Butternut Squash with Pesto

Butternut Squash with Pesto

Tender roasted butternut squash wedges topped with a textured pistachio herb pesto, salty feta cheese, and sweet pomegranate seeds.

1h 5mIntermediate4 servings

Equipment

Baking tray
Baking parchment
Food processor
Chef's knife

Ingredients

4 servings

butternut squash

  • 1 butternut squash, quartered lengthways, skin-on, seeds removed
  • 60 ml olive oil
  • 5 g sea salt, fine
  • 2 g black pepper, freshly ground
  • 150 g feta, crumbled
  • 100 g pomegranate seeds

pesto

  • 100 g shelled pistachio nuts
  • 70 g parmesan, rough chunks
  • 100 ml olive oil
  • 30 g cilantro, fresh
  • 30 g parsley, fresh
  • 30 g dill, fresh
  • 1 red chilli, chopped
  • 30 ml lemon juice
  • 6 g salt

Nutrition (per serving)

793
Calories
20g
Protein
42g
Carbs
65g
Fat
12g
Fiber
11g
Sugar
2315mg
Sodium

Method

01

Preheat the oven to 200°C (400°F).

02

Line a large baking tray with baking parchment.

03

Coat the squash wedges with 60ml olive oil, sea salt, and black pepper. Place them on the baking tray.

04

Roast the squash for 45 to 50 minutes at 200°C (400°F) until the edges brown and the flesh is tender.

50mLook for: Edges are slightly brownedFeel: Knife meets little resistance in the flesh
05

Place pistachios and parmesan chunks in a food processor and pulse until broken into small pieces.

06

Gradually pour 100ml olive oil into the processor while pulsing until the desired pesto consistency is reached.

07

Add cilantro, parsley, dill, chilli, and lemon juice to the mixture. Pulse briefly to combine.

08

Add 6g salt and pulse one final time. Adjust seasoning to taste and chill until needed.

09

Arrange roasted squash on plates, drizzle with pesto, and top with crumbled feta and pomegranate seeds.

Chef's Notes

  • For the best roasting results, ensure butternut squash pieces are relatively uniform in size to promote even cooking.
  • Don't over-process the pesto; a slightly coarse texture will provide a more pleasant mouthfeel and visual appeal.
  • Taste and adjust the pesto seasoning before serving.
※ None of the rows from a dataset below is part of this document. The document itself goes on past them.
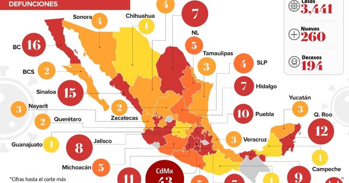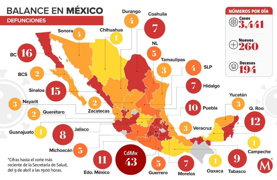 La Secretaría de Salud reportó que en el país han muerto 194 personas por coronavirus y se han detectado 3 mil 441 casos de la enfermedad. Además, el director del Centro Nacional de Transfusión Sanguínea Jorge Trejo Gómora, explicó que se está investigando si el plasma de la sangre de personas recuperadas sirve como tratamiento en pacientes graves. De acuerdo con datos de la dependencia, en las últimas 24 horas se sumaron 20 defunciones y 260 casos de coronavirus, que aumentaron principalmente en la Ciudad de México, donde se reportaron 55 nuevos contagios. Además, del jueves 2 de abril a este jueves, el país pasó de tener mil 510 casos de coronavirus y 50 defunciones, a tener 3 mil 441 contagios y 194 muertes; lo que implica un aumento de mil 931 infecciones y 144 muertes.
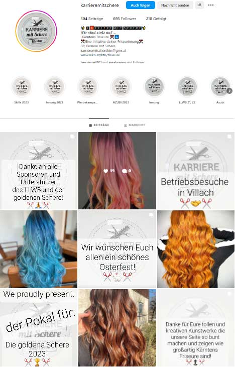 Die Friseurinnung Kärnten betreibt die Instagram Seite @karrieremitschere und die Facebook Seite Karriere mit Schere (Kärnten), um die Mitgliedsbetriebe regelmäßig zu informieren und nach außen hin zu präsentieren.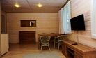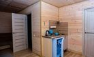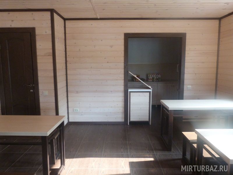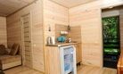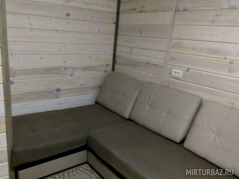 До температуры в парилке 80-90*С требуется около двух часов, посещение бани осуществляется только по предварительному заказу.Внутри бани находится зона отдыха и небольшая кухня.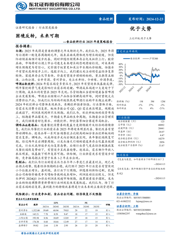 【东北证券】【20241223】食品饮料行业2025年度策略报告:困境反转,未来可期-58页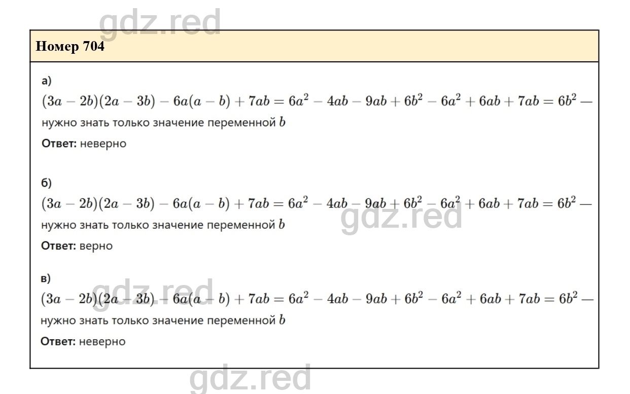 Решение упражнения 704 из учебника по алгебре для 7 класса Макарычева

The saltiness of the feta and the sweetness of the pomegranate can balance the herbs and lemon.
  • If you prefer a smoother pesto, you can add a tablespoon or two of water to the food processor while it's running, but be careful not to make it too thin.
  • The roasted squash can be prepared a day in advance and gently reheated before assembling the dish.

Storage

Refrigerator: 3 daysStore pesto and squash separately for best texture.

Reheating: Reheat squash in a 180°C (350°F) oven until warm; serve pesto at room temperature.